WORKING DATA Start Marker
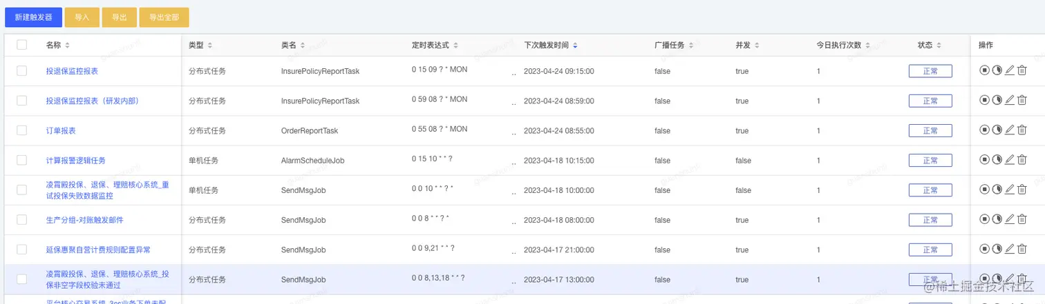 任务中心是指EasyJob,是和报警规则强绑定的。调度任务分为两类,一类是业务类任务,是动态去创建的任务,按照设置的corn执行。另一类是平台任务。用于维护业务类任务的,比如定期去删除没有异常的任务等。(图9)
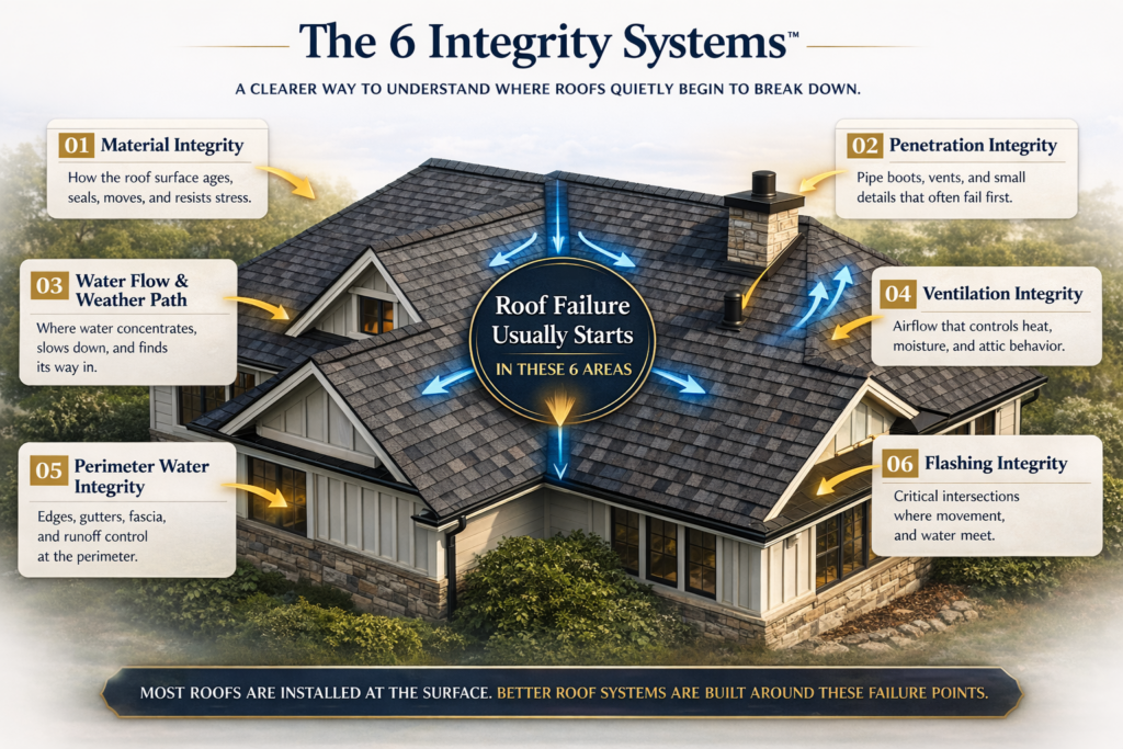 A roof is not just a surface. It is a system — and most failures begin in these six areas.
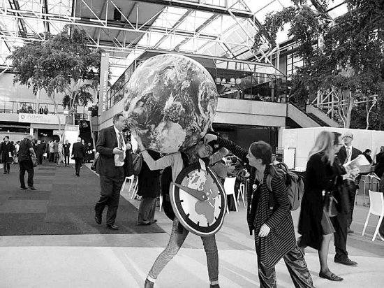 | 在哥本哈根会议现场,参会者用各种方式呼吁保护地球。(图片由周国模、楼一平提供) |
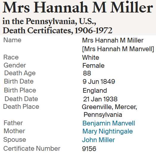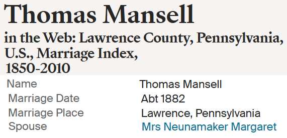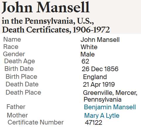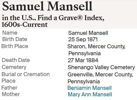 | 10 | Samuel Mansell | 25 Sep 1871 Greenville, Mercer County, Pennsylvania |
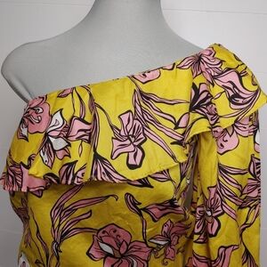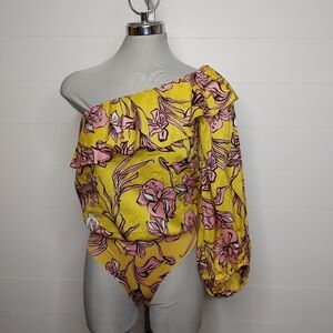 Gorgeous yellow floral one-shoulder bodysuit with ruffle detail and puff sleeve. Snap closures. Pull on style. In excellent condition. Blogger fave.
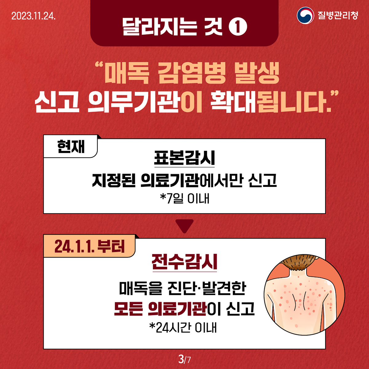 이번 조치로 인해 주요하게 달라지는 점은 지정된 의료기관에서만 신고하던 표본감시에서 매독을 진단·발견한 모든 의료기관이 24시간 내 신고하는 전수감시로 전환된다는 것이다.
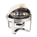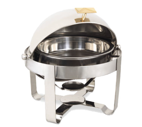Sonata Serenade™ Chafing Dish, 16" dia. x 17" H, roll top dome cover, welded frame with built-in handles, dripless water pan, food pan, & single drop-in fuel holder, brass trim, stainless steel, mirror finish
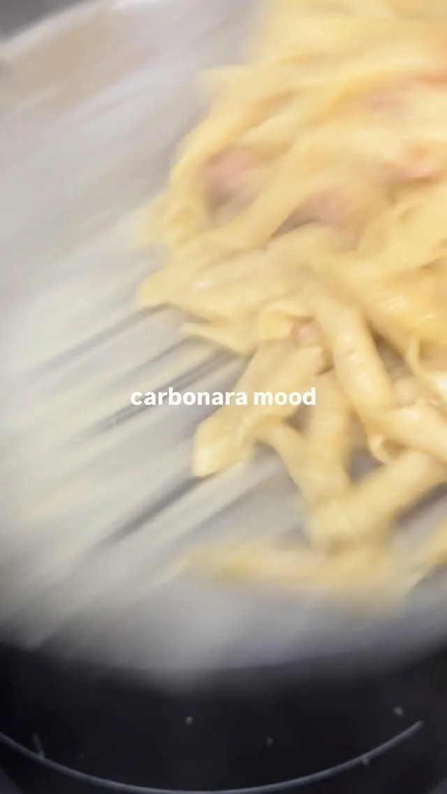 Close-up of a bowl of Carbonara spaghetti pasta, with cream sauce and cooked guanciale bits, served in a brown disposable bowl.
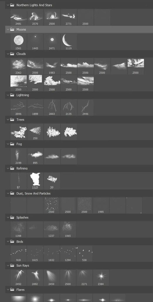 PS笔刷唯有1个.abr文件,但是包含了照明,粒子,北极光,月亮,闪电,雾,灰尘,耀斑,镜头光晕,飞溅,鸟类,树木,云层,光线等效果。
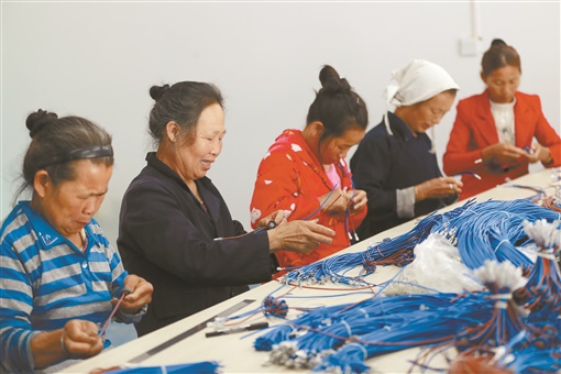 5月10日,通道侗族自治县双江镇罗武村扶贫车间,侗族妇女在加工电子元件。今年,该县通过“送项目到村、送就业到户、送政策到家”,带动了800多名贫困劳动力在家门口就业增收。 刘强 摄
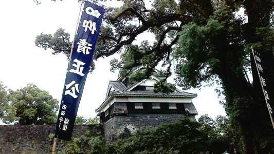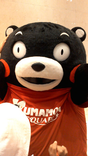 さぁて帰るよー・・・って出たら、大雨・・・。 最後の最後で降りおった・・・; 通町筋まで戻って、バス停に行こうとしたら、くまモンと行き合う(笑) ![]() まったねー |
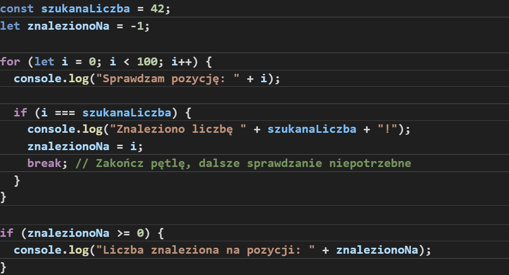 IF = i=szukana liczba wtedy break
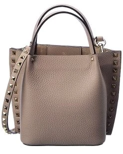 - Rockstud Grainy Leather Tote in powder grainy leather with platinum-finish rockstuds
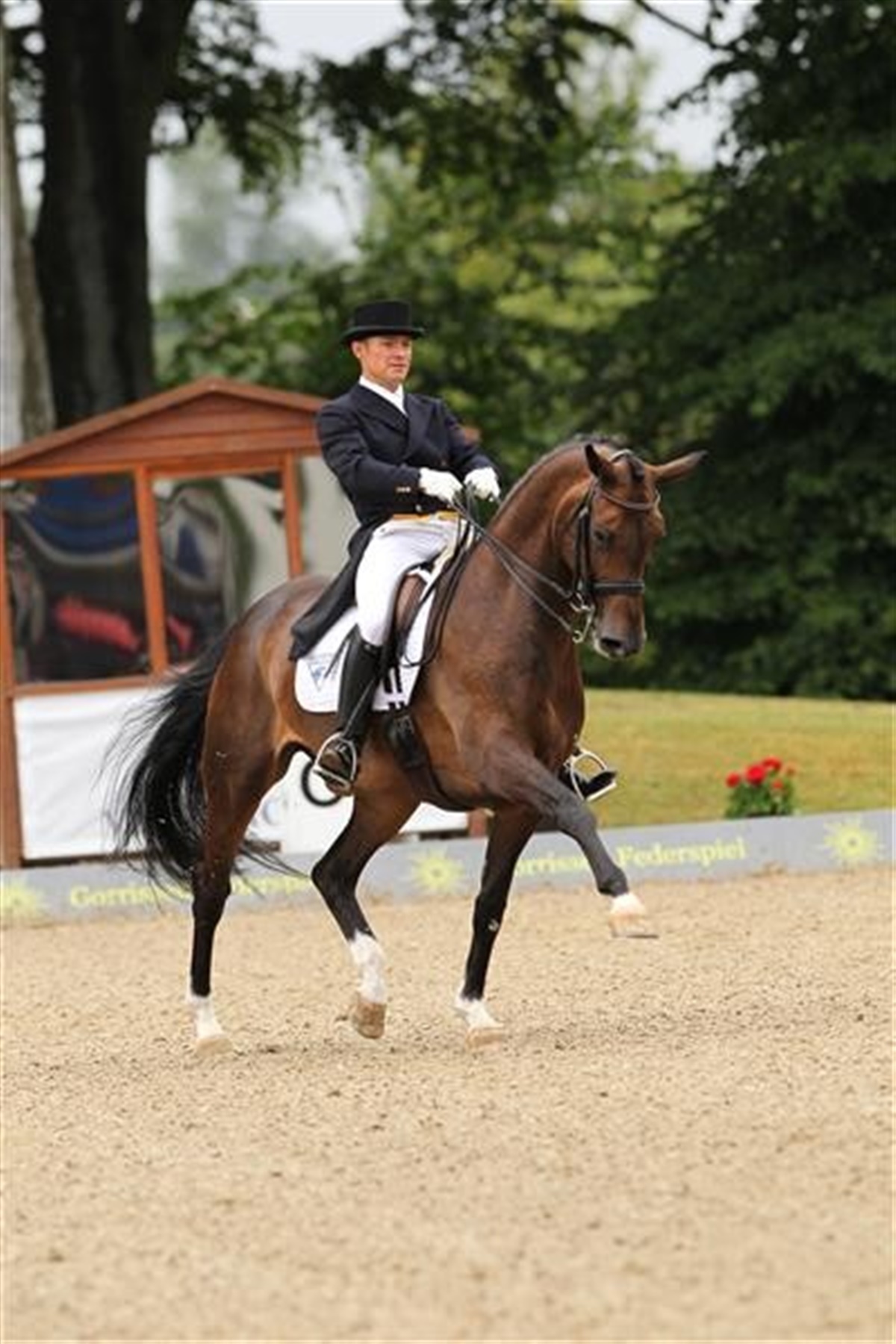 Mandag gik bl.a. Silver Spring`s Prix st Georges, hvor Allan Skov var til start med Dansk Varmblods-elitehoppen, den 10 årige Volstrupgaards Cassiopeia e. Come Back II/Caleto III (opdr. M. og B. Kløve-Mogensen) og Lotte Skjærbæk startede Katrinelunds Elitehingst De Noir e. De Niro/Matcho AA. Det blev til placering til begge heste, Volstrupgaards Cassiopeia blev med 67,316% en flot nr. 2 i klassen, mens De Noir placerede sig som nr. 4 med 64,368 %. Klassen blev vundet af svenske Jeanna Högberg på hoppen Liza Minelli. Elitehoppen Volstrupgaards Cassiopeia er ikke bare en succesfuld konkurrencehest, også i avlen har hun gjort det fantastisk. Hun er bl.a. mor til hoppen Quela VG, der var årets springbetonede 2 års hoppe i 2008, og året efter blev kåret i RDH og tildelt guldmedalje ved Eliteskuet. Som noget helt exceptionelt kan mor og datter begge opleves ved årets Hingstekåring i Herning - Volstrupgaards Cassiopeia skal starte i konkurrenceklasserne og Quela VG deltager i Unghestechampionatet i springning. Det er berider Allan Skov, der skal ride begge heste. Både De Noir og Volstrupgaards Cassiopeia skal også starte i tirsdagens dressurklasser, hvor også danske Bo Høstrup komme til start i Grand Prix'en med den tidligere fløjhingst Cajo.
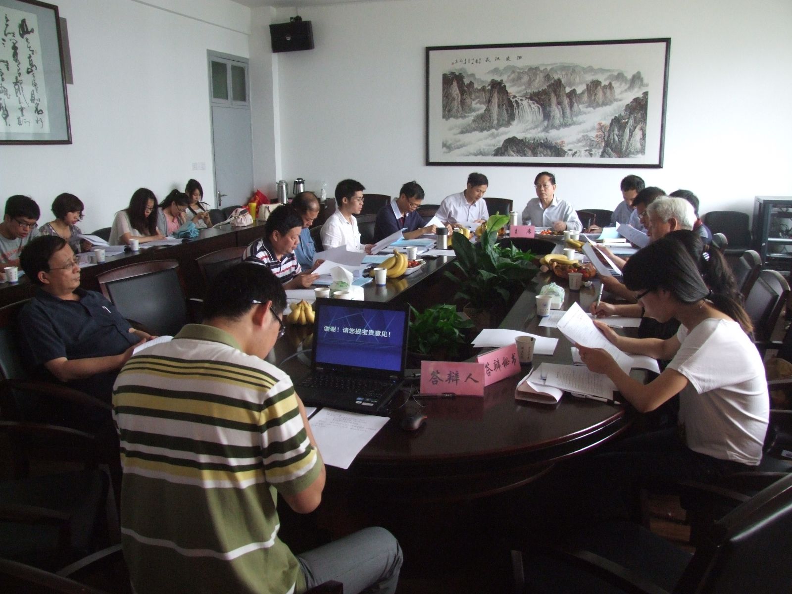 此次答辩会主要分为学生自我陈述、导师提问、学生作答和导师评议四个环节。参加本次答辩的13位同学以PPT形式就自己论文的整体思路、框架结构、创新和不足之处作了介绍,答辩专家针对论文中存在的问题,大到整个框架结构是否合理,小到格式标点错误均认真细致地做出点评。对于答辩专家提出的问题,同学们在一定的准备后结合自己的论文进行了逐一回答。答辩委员会认真听取了同学们的答辩陈述后,经过集体评议、投票,12位同学顺利通过答辩,1位同学被要求认真修改论文后再次提交答辩委员会审核复议。
WORKING DATA End Marker
Please write out exactly the lines starting at the one that contains "通町筋まで戻って、バス停に行こうとしたら、くまモンと行き合う(笑) ![]() まったねー |" and ending with the final line of the entries, both ends included. Do not write out any pictures.

→ **RESPONSE FOR THIS EXERCISE**:
 さぁて帰るよー・・・って出たら、大雨・・・。 最後の最後で降りおった・・・; 通町筋まで戻って、バス停に行こうとしたら、くまモンと行き合う(笑) ![]() まったねー |
 IF = i=szukana liczba wtedy break
 - Rockstud Grainy Leather Tote in powder grainy leather with platinum-finish rockstuds
 Mandag gik bl.a. Silver Spring`s Prix st Georges, hvor Allan Skov var til start med Dansk Varmblods-elitehoppen, den 10 årige Volstrupgaards Cassiopeia e. Come Back II/Caleto III (opdr. M. og B. Kløve-Mogensen) og Lotte Skjærbæk startede Katrinelunds Elitehingst De Noir e. De Niro/Matcho AA. Det blev til placering til begge heste, Volstrupgaards Cassiopeia blev med 67,316% en flot nr. 2 i klassen, mens De Noir placerede sig som nr. 4 med 64,368 %. Klassen blev vundet af svenske Jeanna Högberg på hoppen Liza Minelli. Elitehoppen Volstrupgaards Cassiopeia er ikke bare en succesfuld konkurrencehest, også i avlen har hun gjort det fantastisk. Hun er bl.a. mor til hoppen Quela VG, der var årets springbetonede 2 års hoppe i 2008, og året efter blev kåret i RDH og tildelt guldmedalje ved Eliteskuet. Som noget helt exceptionelt kan mor og datter begge opleves ved årets Hingstekåring i Herning - Volstrupgaards Cassiopeia skal starte i konkurrenceklasserne og Quela VG deltager i Unghestechampionatet i springning. Det er berider Allan Skov, der skal ride begge heste. Både De Noir og Volstrupgaards Cassiopeia skal også starte i tirsdagens dressurklasser, hvor også danske Bo Høstrup komme til start i Grand Prix'en med den tidligere fløjhingst Cajo.
 此次答辩会主要分为学生自我陈述、导师提问、学生作答和导师评议四个环节。参加本次答辩的13位同学以PPT形式就自己论文的整体思路、框架结构、创新和不足之处作了介绍,答辩专家针对论文中存在的问题,大到整个框架结构是否合理,小到格式标点错误均认真细致地做出点评。对于答辩专家提出的问题,同学们在一定的准备后结合自己的论文进行了逐一回答。答辩委员会认真听取了同学们的答辩陈述后,经过集体评议、投票,12位同学顺利通过答辩,1位同学被要求认真修改论文后再次提交答辩委员会审核复议。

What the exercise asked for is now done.